Unions are pushing for new legislation to give Australian workers a right of appeal against an employer who hires a worker on a 457 visa, should this mean an Australian worker misses out or is fired.
The push comes as part of the Construction, Forestry, Mining and Energy Union’s submission to the Senate inquiry into the operation of 457 visas.
The move also comes alongside the government’s crackdown on 457 visas in the federal budget, with more money awarded to the Fair Work Ombudsman to crackdown on misuse.
The union is also calling for laws to be enacted which require advertising the job positions nationally and providing information to the government in regard to the number of applications received from Australian workers, and the reasons these applicants weren’t suitable for any position.
The CFMEU also wishes for all unsuccessful job applicants to be notified as to why they were not qualified to fill the role.
“The last requirement – notifying all unsuccessful Australian applicants – is essential for an effective LMT [labour market testing] system. Without this requirement, unsuccessful Australian applicants will be unaware that they have missed out on the job and the reasons why,” the submission says.
Based on a 2009 study by KPMG, which found 75% of employers surveyed would retrench an Australian worker before their 457 visa-workers, the CFMEU says Australian workers should be able to appeal redundancy decisions.
“In redundancy situations when there are both suitably qualified Australian workers available to do the work as well as 457 visa-holders in the same classifications, employers should have a 457 sponsor obligation to give preference to retaining the Australian workers and the 457 visa-holders should go first,” the submission says.
The CFMEU submission also states the union wants a new 457 visa condition to be included which says the visa-holder has secondary rights relative to Australian resident workers in redundancy situations.
Executive director of the Council of Small Businesses of Australia Peter Strong told SmartCompany should this be enacted, it would inhibit small businesses.
“This is not good for small business or the economy.
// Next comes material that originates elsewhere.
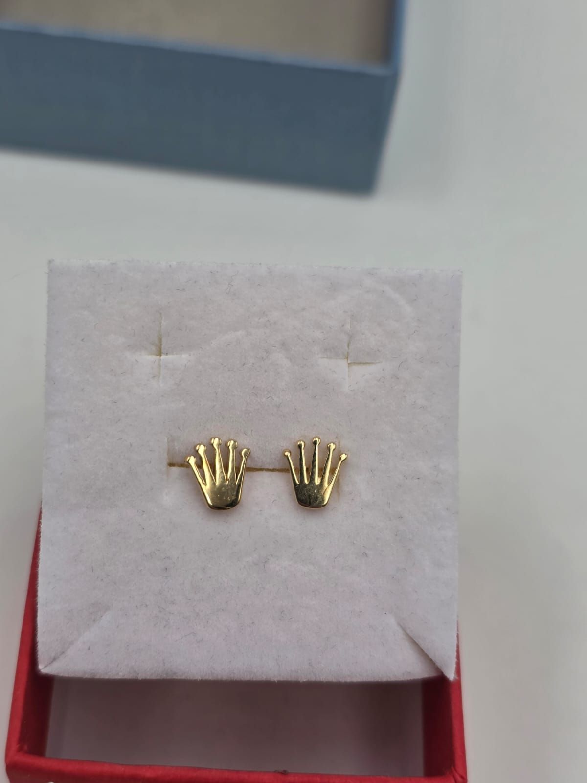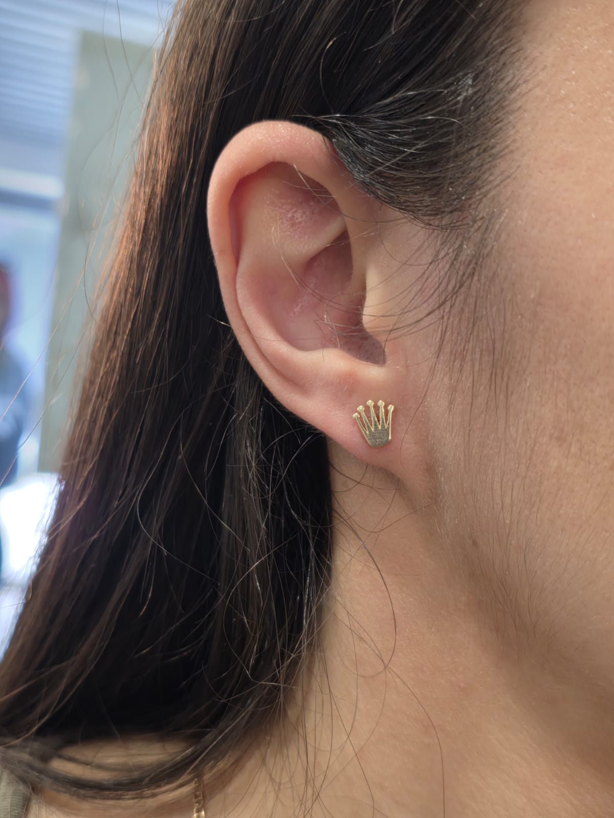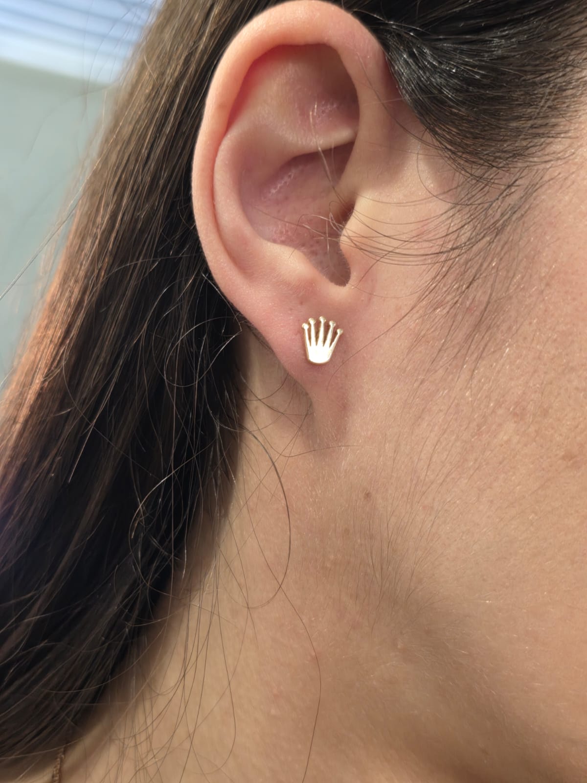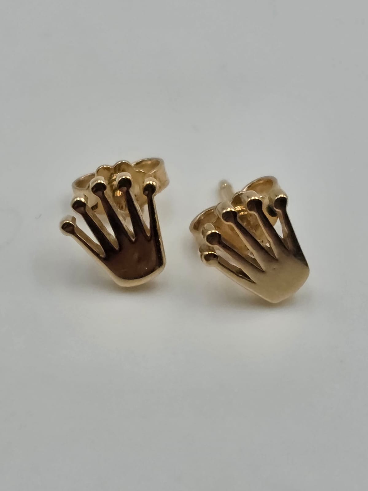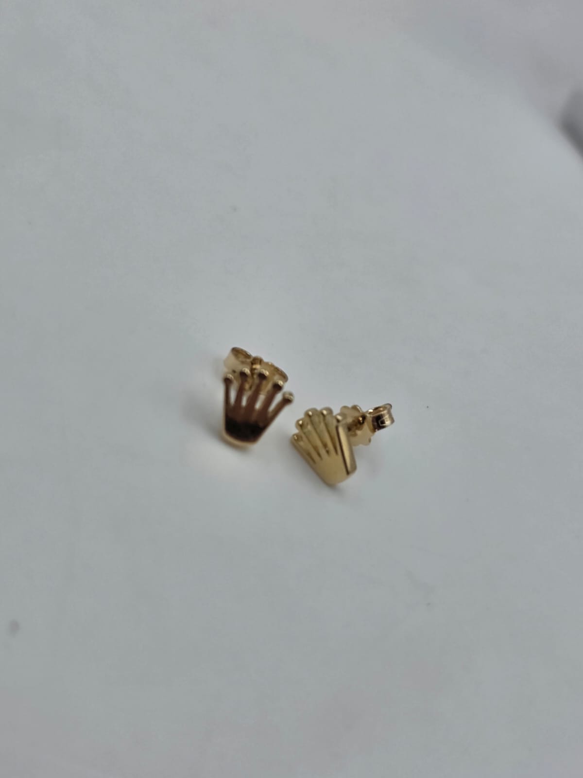 Bellissimi orecchini a lobo in oro giallo massiccio 18 carati con chiusura a farfallina e a forma della tipica coroncina del brand Rolex.

They may not even be aware what they’re doing because they live in a different world, but it would make it impossible for a small business to hire a 457 visa-worker.”
“Obviously the CFMEU is a big union and they deal with big business, but what they’re effectively saying is they don’t want small businesses to have a 457 visa-worker in their workplace. It’s bad on a macro- and a micro-level, and it makes change management more difficult,” he says.
Strong’s criticisms join those of the Australian Mines and Metals Association chief executive Steve Knott, who was quoted in The Australian as saying the suggestion is a “crass political stunt” and a “throw-back to pre-Fair Work labour market testing, which was universally rejected as unworkable and ineffective”.
The Gillard government is currently considering changes to the 457 visas sub-class and in late April Immigration Minister Brendan O’Connor signalled possible legislative changes before the election as he revealed there could be in excess of 10,000 breaches of the system.
While the system is designed to respond to skills shortages, O’Connor said the system was being rorted, but he was yet to determine what reforms would take place.
Figures revealed by the Immigration Minister found between March 2012 and March 2013 the number of 457 visa-holders in Australia increased by 19.2% to 105,600.
Some business groups, such as the AMMA and the Australian Industry Group, have said the foreign worker campaign is doing international damage to Australia’s reputation and image.